- Citizenship: USA
- Occupation: Professor
- Board member of: Executive Editor, Biochemistry
- Awards: Michael Hooker Distinguished Professor of Pharmacology (2006-); Goodman and Gilman Award for Receptor Pharmacology (2016); Member, National Academy of Medicine; Member, American Academy of Arts and Sciences;

Academic background
- Education: Carroll College, BA (1977); St. Louis University Medical School, MD, PhD (1983);

Academic work
- Discipline: Molecular Pharmacology
- Institutions: University of North Carolina; Case Western Reserve University;

= Bryan Roth =

American pharmacologist and academic

Bryan L. Roth is the Michael Hooker Distinguished Professor of Protein Therapeutics and Translational Proteomics, UNC School of Medicine. He is recognized for his discoveries and inventions in the general areas of molecular pharmacology, GPCR structure, and function and synthetic neurobiology. He is a member of the American Academy of Arts and Sciences (AAAS) and the National Academy of Medicine (NAM).

== Education ==
Roth earned his B.A. in biology from Carroll College in 1977 and his M.D. and Ph.D. in biochemistry from Saint Louis University in 1983. After postdoctoral training at the National Institute of Mental Health (NIMH), he completed a psychiatry residency and fellowship at Stanford University in 1991. The same year, he was appointed Assistant Professor in the Department of Psychiatry at Case Western Reserve University. In 2003, he became a Professor of Biochemistry at Case Western Reserve University School of Medicine with secondary appointments in Psychiatry, Oncology, and Neurosciences. In 2007, he was appointed as the Michael Hooker Distinguished Professor of Protein Therapeutics and Translational Proteomics, UNC School of Medicine.

== Research ==

Roth has made contributions to the fields of G protein-coupled receptor (GPCR) pharmacology and neurobiology, particularly related to the function of serotonin and opioid receptors. His laboratory reported the structure of a serotonin receptor bound to the hallucinogenic drug, LSD. Other major works include identification of new probes and tools to detect GPCRs, obtained through directed evolution in animal cells, developing receptors activated solely by a synthetic ligand (DREADDs), a chemogenetic platform used to direct selective, dose-dependent activation of a specific G protein subtype in vivo. Thomas Insel, then Director of NIMH, stated in 2014 that DREADDs were one of the most important breakthrough technologies for the NIH BRAIN Initiative. and have been used by more than a thousand labs for interrogating neural circuits responsible for simple and complex behaviors in animals.

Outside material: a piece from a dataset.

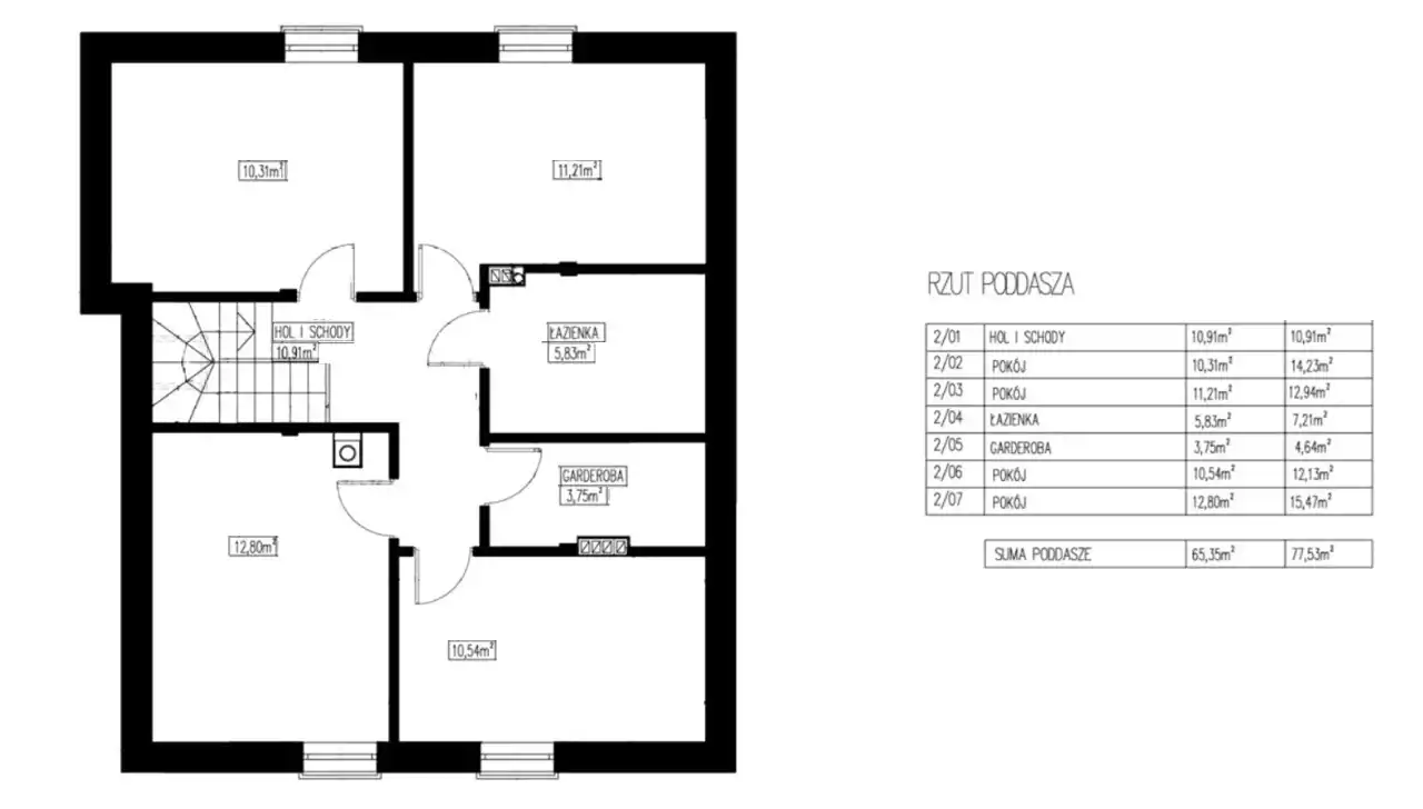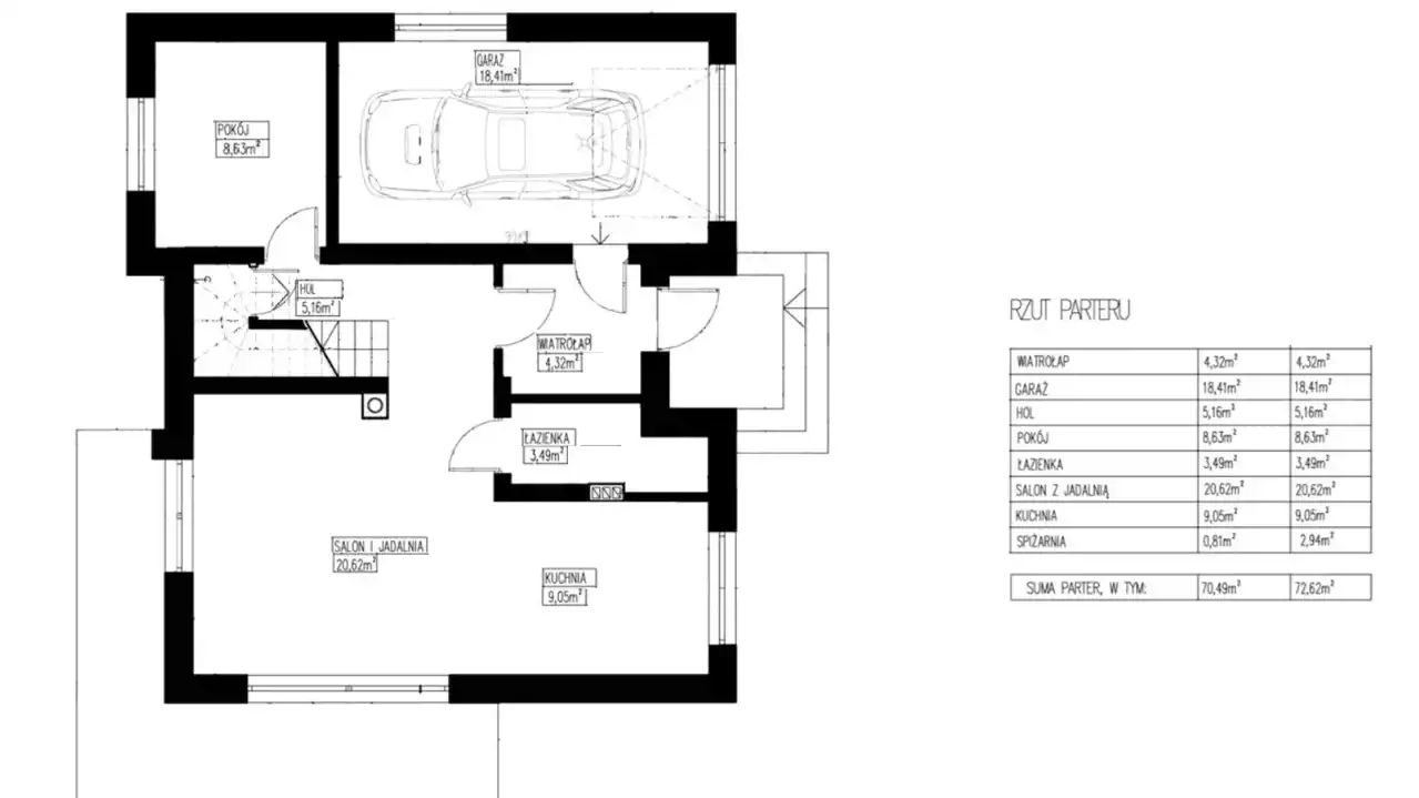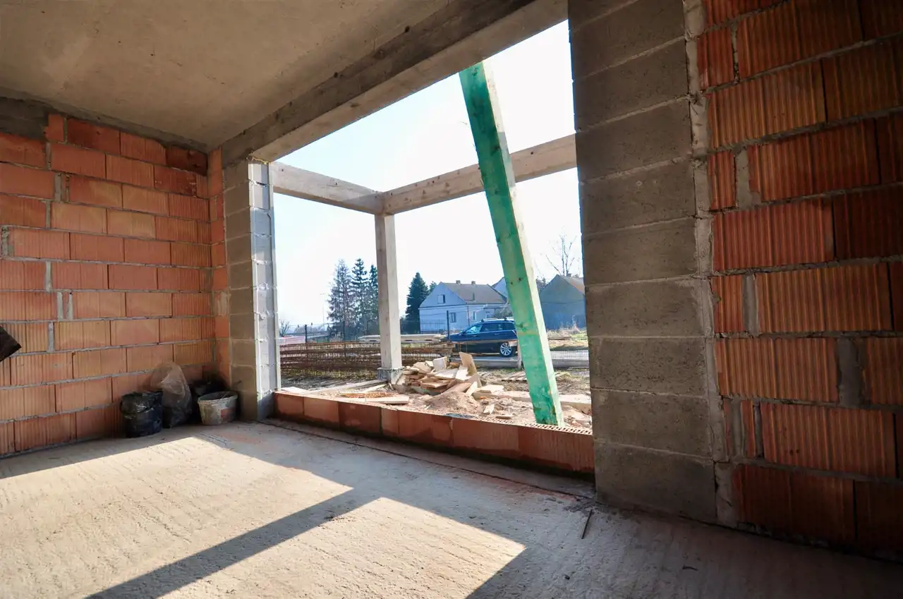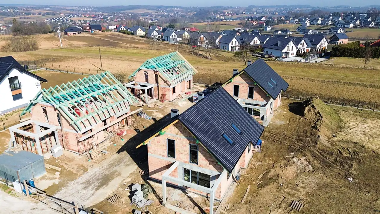 - Dom w stanie surowym zamkniętym – budynek posiada już okna oraz drzwi zewnętrzne, co zabezpiecza go przed warunkami atmosferycznymi.

== Awards and recognition ==
Roth’s work has been recognized by Science Signaling as one of the ‘Signaling Breakthroughs of ‘2014’ and 2016. His DREADD technology was highlighted as one of the important advances in the past 10 years in Nature Chemical Biology. Roth’s chemical biology discoveries have been highlighted by NIMH as one of the ‘Top 10 Research Advances of 2011’.
Roth is a member of the American Academy of Arts and Sciences (AAAS) and the National Academy of Medicine (NAM).
He received the Goodman and Gilman Award in Receptor Pharmacology from the American Society for Pharmacology and Experimental Therapeutics and was a 2018 Society for Neuroscience Presidential Special Lecture.